- Fed Chairman Jerome Powell said on Wednesday that a 75-basis-point hike was not something the Federal Open Market Committee was "actively considering."
Treasury yields rose on Thursday, erasing their losses from the previous session, with the benchmark rate hit its highest level since 2018.
The yield on the benchmark 10-year Treasury note rose 12 basis points to about 3.04% in afternoon trading, hitting its highest level since 2018. The yield on the 30-year Treasury bond rose roughly 12 basis point to around 3.126%. Yields move inversely to prices and 1 basis point is equal to 0.01%.
The 10-year yield rose as high as 3.106% during the trading session, its highest level since 2018.
The Fed announced it was raising its benchmark interest rate by half a percentage point on Wednesday afternoon, which marked its largest single hike since 2000, but was in line with market expectations.
The U.S. central bank also outlined its plans to start reducing its balance sheet in June.

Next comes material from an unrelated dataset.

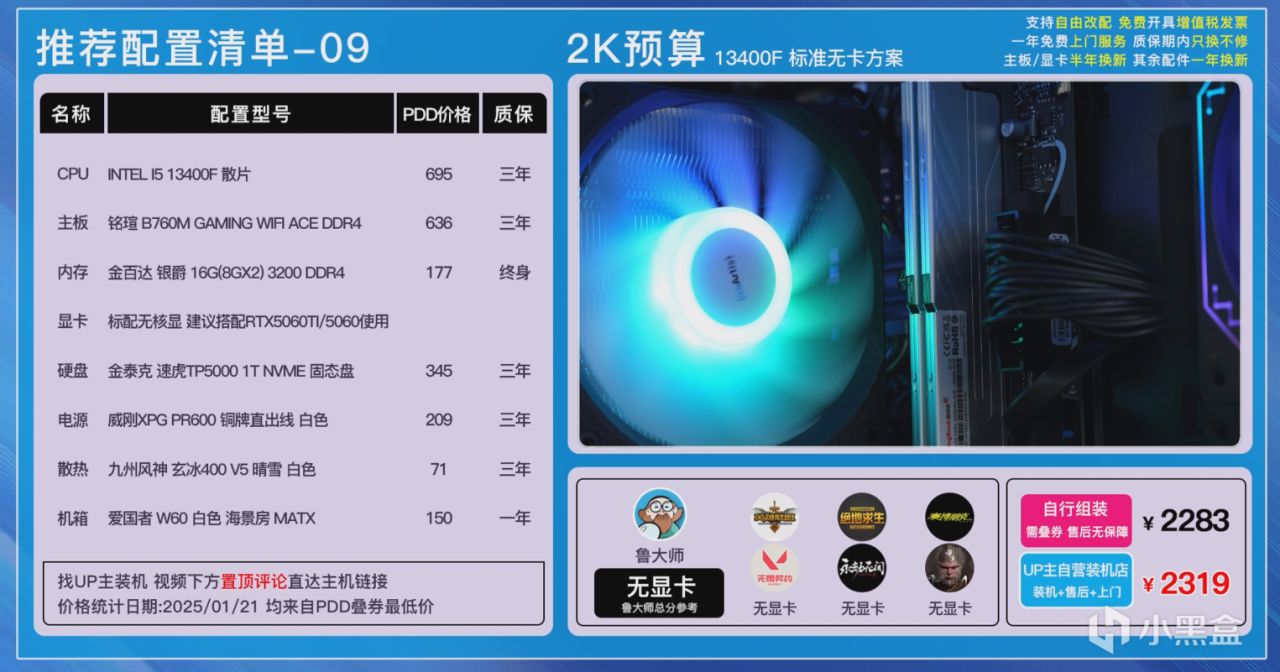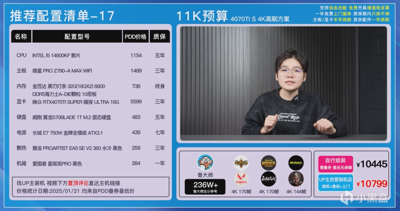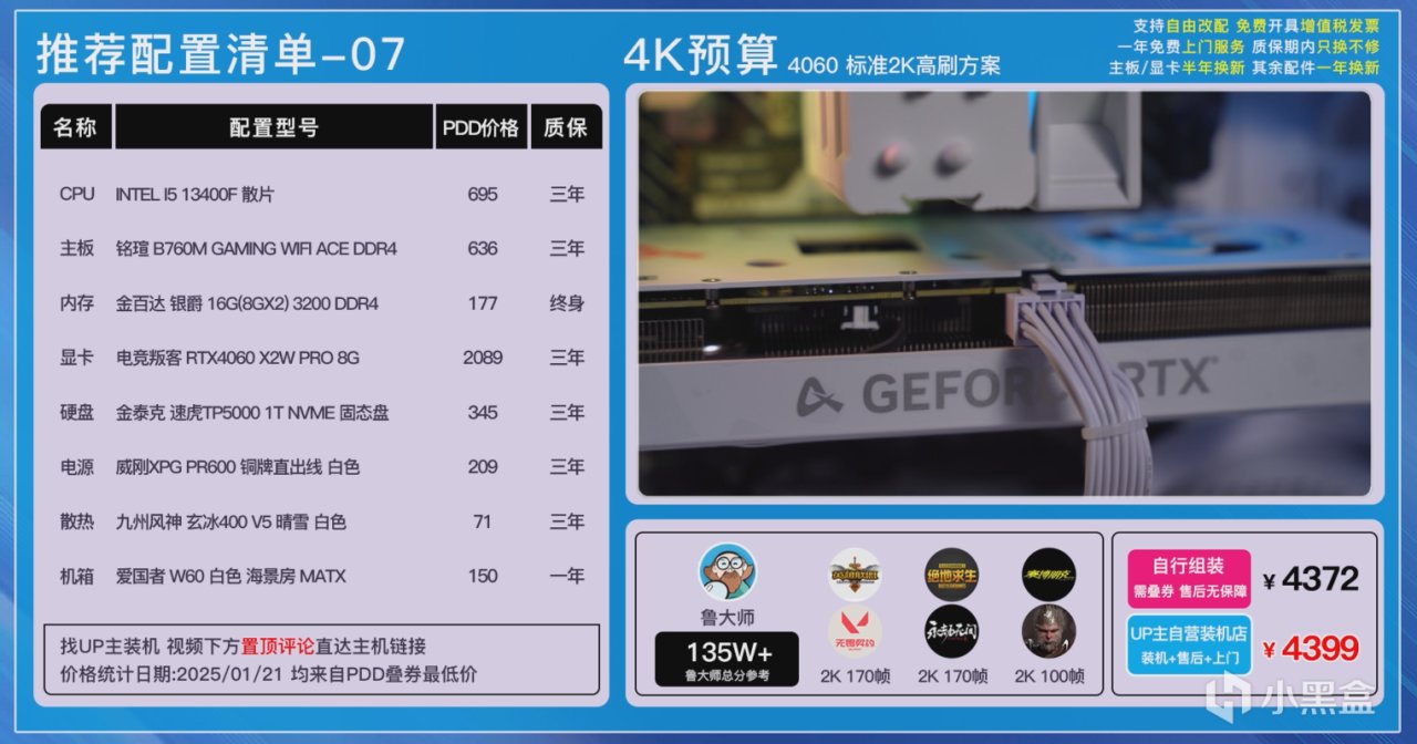 本期《和微论件2025年2月主机配置推荐》依然贯彻我们的理念,不做无脑推荐!这一次我们是总共准备了24套不同预算的整机方案,其中分为7套无卡方案以及17套带卡方案,价位段涵盖2-11K,为什么这么便宜呢?因为显卡方面我们最多只推荐到4070TI SUPER,毕竟5090D和5080发售在即,价格与现在4090D和4080SUEPR接近,已经没有必要再考虑4090D以及4080SUPER这两张显卡了。

However, Fed Chairman Jerome Powell said a 75-basis-point hike was not something the Federal Open Market Committee was "actively considering." That saw the 10-year yield fall on Wednesday afternoon.
Freddie Lait, founder and CEO at Latitude Investment Management, told CNBC's "Squawk Box Europe" on Thursday that the relief rally in markets was understandable, given the concerns that a 75-basis-point rate hike could have been in the cards, especially considering recent comments from the likes of St. Louis Fed President James Bullard.
Nevertheless, Lait said the Fed was still going to continue on its hawkish path of raising rates, in order to return them to around the 3% level in the next six or seven months.
Lait said he therefore thinks that "trend is still in play and it's likely we see a continuation of the moves that we've seen year-to-date from here."
The 10-year Treasury yield hit 3% on Monday and again on Wednesday morning in the lead-up to the meeting, amid concerns that rising inflation and the Fed's more aggressive hiking of interest rates could slow economic growth.
"We believe that the Fed's hawkish stance is largely priced into the stock and bond markets," said Jay Hatfield of Infrastructure Capital Management. "We expect the 10 -year treasury to start to top out in the 3% area as global pension investors with $52 trillion of assets reallocate to almost risk-free treasuries. ... The Chairman's press conference was very positive as Chair Powell ruled out a 75bp increase and indicated only two meetings are expected to have 50bp increases and then they would reassess."
On Thursday, weekly jobless claim numbers came in slightly higher than expected. A labor productivity reading for the first quarter showed the fastest decline since 1947.
Regarding the Russia-Ukraine war, Pentagon spokesman John Kirby said the Russians have made uneven progress in the Donbas region, following weeks of resupply and repositioning efforts. Nonetheless, the U.S. and its allies are rushing to send additional security assistance amid an intensified Russian assault in eastern and southern Ukraine.
— CNBC's Holly Ellyatt contributed to this market report.